Dies wurde gestern in einem Pressegespräch deutlich, an dem IHK-Vizepräsident Georg Schäfer, der stellvertretende Hauptgeschäftsführer Rainer Bock und die Vollversammlungsmitglieder Dr. Henning Bähren, Peter Althaus und Helge Spehr teilnahmen. Sie forderten die Bundestags- und Landtagsabgeordneten der Region dazu auf, auf die zuständigen Behörden Druck aufzubauen: „Die Politik ist der einzige Hebel, der helfen kann.“ Es müsse unter anderem darüber nachgedacht werden, ob die für die Oströhre zuständigen Firmen auch die geeigneten Partner seien, um die Weströhre zu sanieren.
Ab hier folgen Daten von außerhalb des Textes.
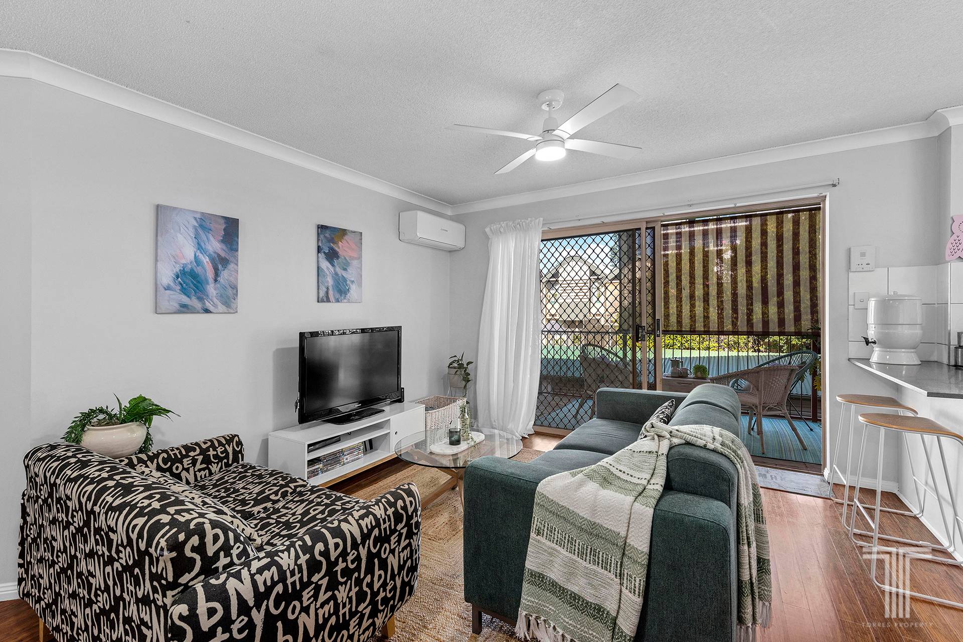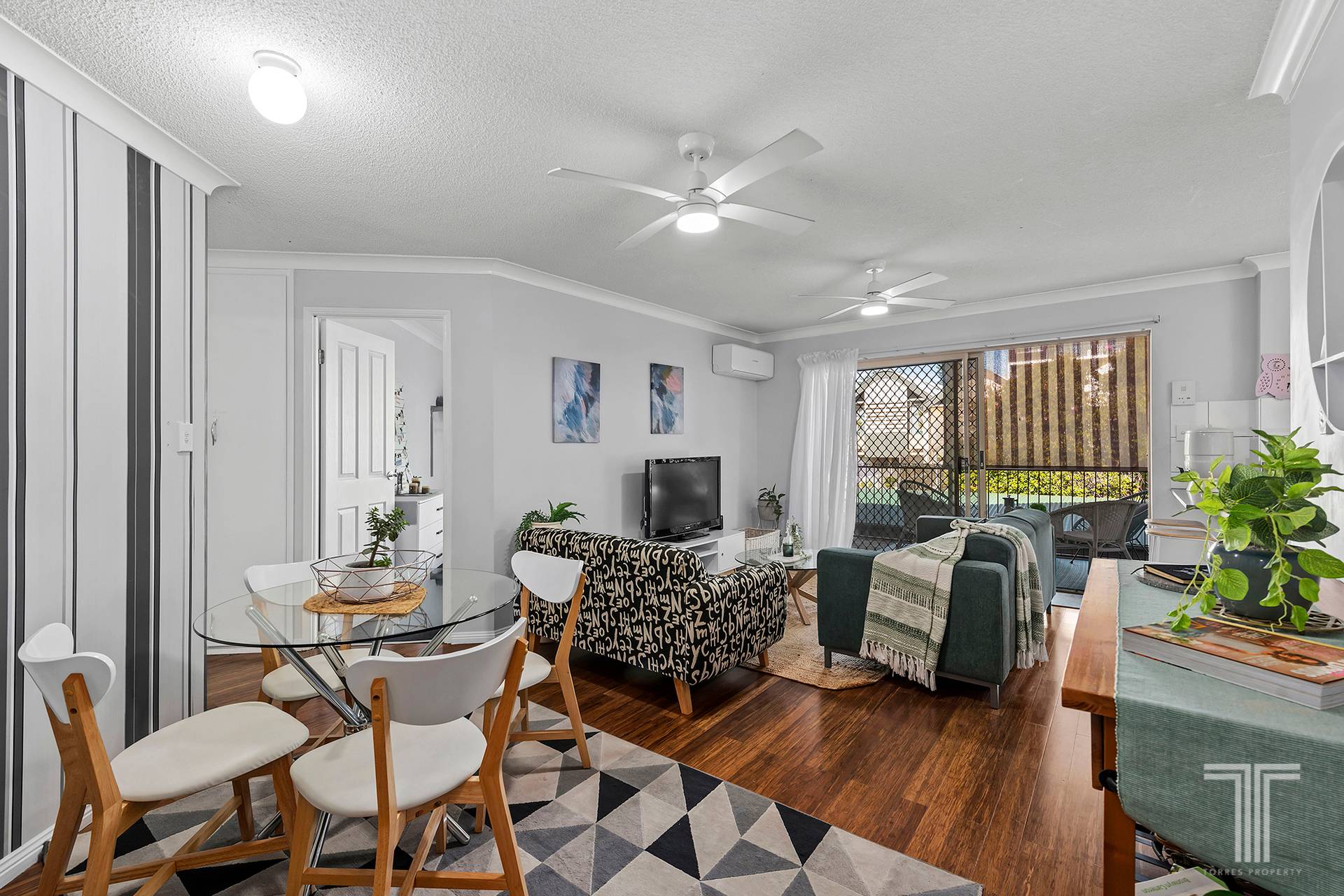 - Air-conditioning, ceiling fans, security screens

Georg Schäfer, der den Tunnel mehrmals täglich passieren muss, machte aus seinem Unmut keinen Hehl: „Ich habe am Kanaltunnel in den vergangenen Tagen lediglich einen einzigen einsamen Arbeiter gesehen, der an einer Ziegelwand die Fugen ausgekratzt hat.“ Er würde gern den Eindruck gewinnen, dass es auf dieser Baustelle einen Fortschritt gebe, „aber diesen Eindruck habe ich in keinster Weise.“ Laut Schäfer hat sich die Tunnelbaustelle zu einer schweren Hypothek für die Wirtschaft der Region entwickelt.

Das Hauptproblem: Die Kunden aus der Region südlich des Kanals überlegten es sich mittlerweile sehr genau, ob sie die Fahrt nach Rendsburg auf sich nähmen. Einzelhändler Peter Althaus: „Von Osterrönfeld aus ist man ja mittlerweile bald schneller in Kiel als in Rendsburg.“ Stadtwerke-Chef Helge Spehr, der als Werkleiter des Umwelt- und Technikhofs den Zustand der Rendsburger Straßen im Blick hat, malte ein düsteres Bild von der Infrastruktur. Durch die Sperrung der Rader Hochbrücke für Laster im vergangenen Jahr seien die Straßen durch den Umleitungsverkehr stark in Mitleidenschaft gezogen worden. Eine exakte Kalkulation liege zwar nicht vor, der Schaden dürfte laut Spehr jedoch eine siebenstellige Summe ausmachen.

Dr. Henning Bähren (Punker GmbH) hob die Bedeutung des Tunnels als Ausweichstrecke für die Hochbrücke hervor. Er zweifelte die Darstellung der Behörden an, wonach sich die Tunnelsanierung nicht schneller bewältigen lasse. Anfang 2016 soll der Verkehr wieder durch beide Röhren rollen.